As before, you mustn’t look at these cards, but they might now look something like this:


With this system, the last two cards show two people buying for each other, which is what we want. The only problem is that the probabilities don’t work.

We want the probability of being your Secret Santa’s Secret Santa to be 1/(n–1), but if you draw one of these cards at random the chance of this happening is actually 2/n*; two of the n cards available are part of that pair of mutual buyers. That means that, using this system, the chance that the person you’re buying for is also your Secret Santa will be roughly double the chance that any other person is buying for you.

So our original system (let’s call it System Santa) gave us too little probability of being our Secret Santa’s Secret Santa, while our new system (System Rudolph) gives us too much. What we need is some combination of the two. If there was just the right level of uncertainty over which system we were using, we could get to that 1/(n–1) probability that we’re after.

How much uncertainty, though? Well, maths can give us the answer.

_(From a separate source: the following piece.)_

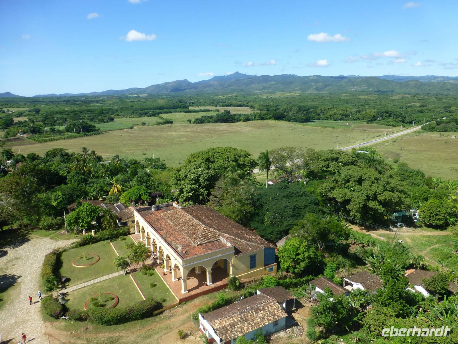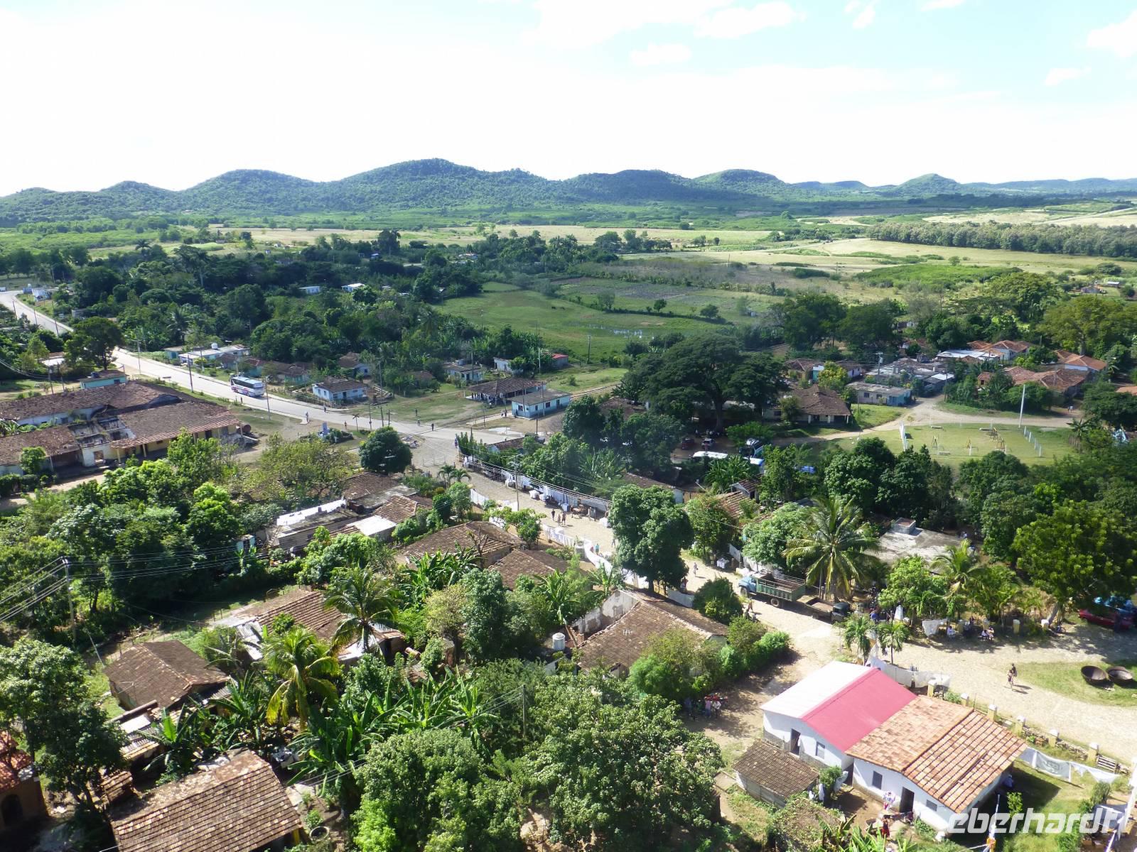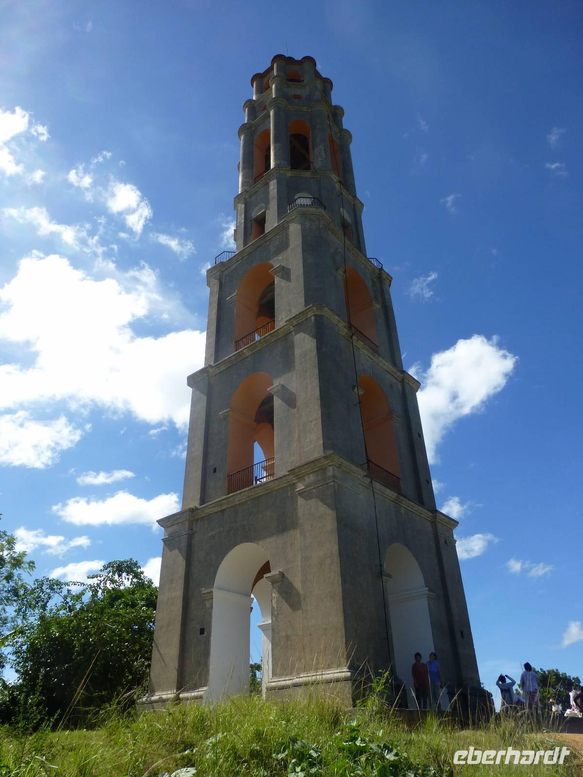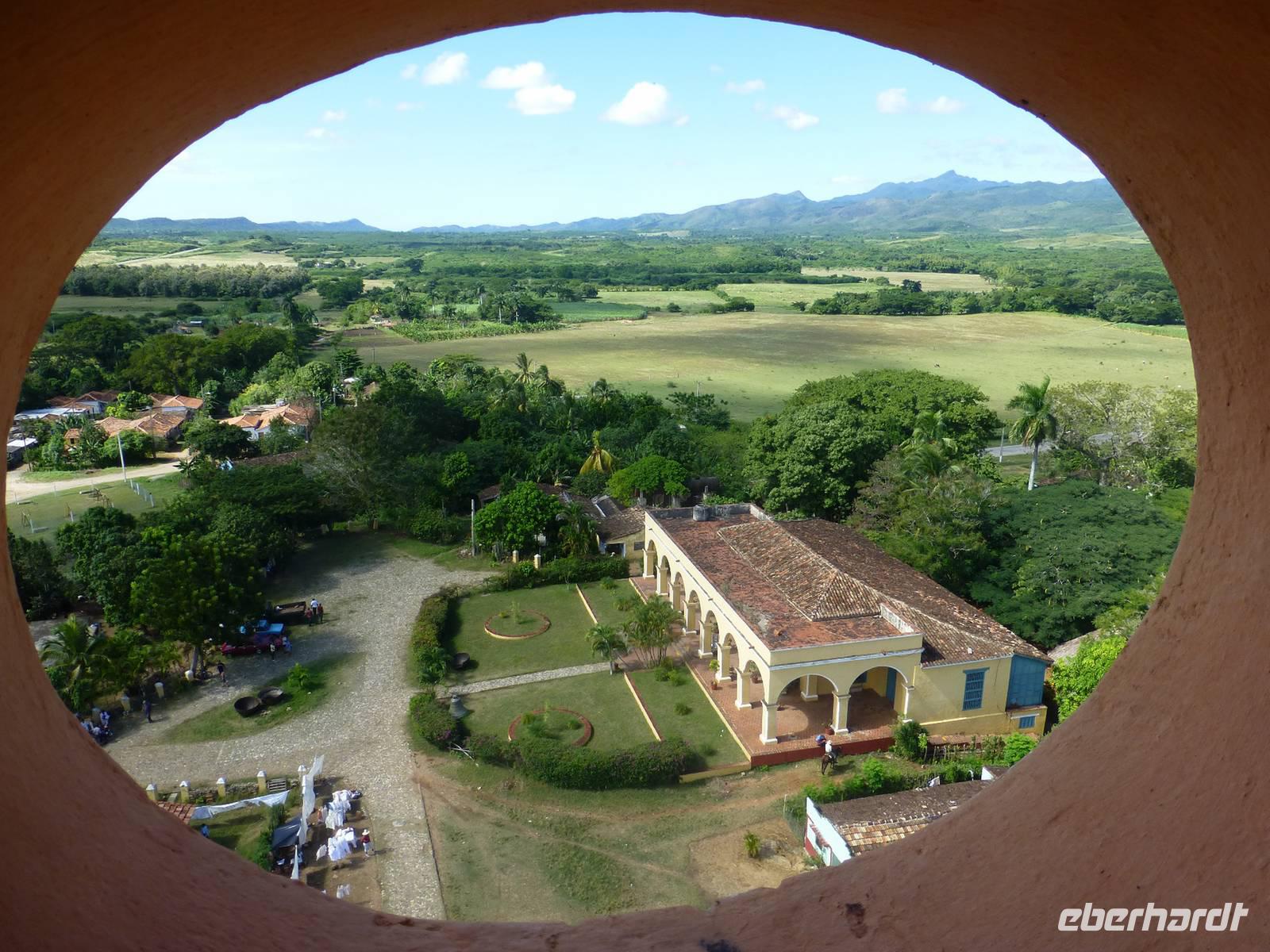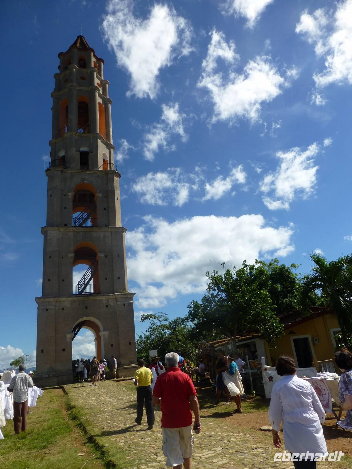 Wir reisten nach Trinidad, die Stadt wurde im Jahr 1514 von Diego Velazquez als dritte Siedlung auf Kuba gegründet. Aber bevor wir Trinidad besuchen, fuhren wir durch das Tal der Zuckerfabriken, „Valle de los Ingenios", wo wir die „Manaca Iznaga" besuchten, eine ehemalige Zuckerrohrfabrik. Die einst sehr reiche Zuckerrohr-Plantage wird von einem 45- Meter hohen Iznaga-Turm überragt. Besonders interessant ist dieser Turm mit 137 Stufen, die wir hinauf steigen um das Zuckerrohrtal zu bestaunen. Der Glockenturm diente in erster Linie zur Überwachung der umliegenden Zuckerrohrplantagen.

Suppose we use System Santa with probability p and System Rudolph with probability 1–p, as shown in this chart:


Since you can only be your Secret Santa’s Secret Santa under System Rudolph, the probability of this happening is now (1–p)(2/n). We want this probability to be equal to 1/(n–1), so to find the probability p we just need to solve the equation:

1/(n–1) = (1–p)(2/n)

A bit of rearranging gives us the solution: p = (n–2)/(2n–2). In other words, there should be n–2 chances in 2n–2 of using System Santa and n chances in 2n–2 of using System Rudolph.

But remember, you can’t just work out which system to use by using a random number generator** or anything like that. That would still be a violation of the secrecy condition, because even you, the organiser, are not allowed to know which system is being used.

So here’s an actual solution. For each participant of your Secret Santa, make a complete set of cards using System Rudolph and put each set into a separate envelope. Then, for each participant of your Secret Santa but two, make a complete set of cards using System Santa and put each of those sets into a separate envelope as well. Every envelope must be identical. Then simply shuffle the envelopes, select one at random and use that set of cards for your Secret Santa.

Easy, hey?

The tiny drawback here, obviously, is that you have to make quite a lot of cards. For n participants, you need to make a fairly daunting n(2n–2) cards in total***, a number that grows quadratically with the number of participants. You will need:

  • 40 cards for 5 participants;
  • 420 cards for 15 participants;
    … and a fairly eye-watering:
  • 1200 cards for 25 participants!

So if you really, really, really want to make your Secret Santa as perfect as perfect can be, and you don’t mind some serious blisters on your scissor fingers and a repetitive strain injury to nurture for the rest of your days, you go ahead.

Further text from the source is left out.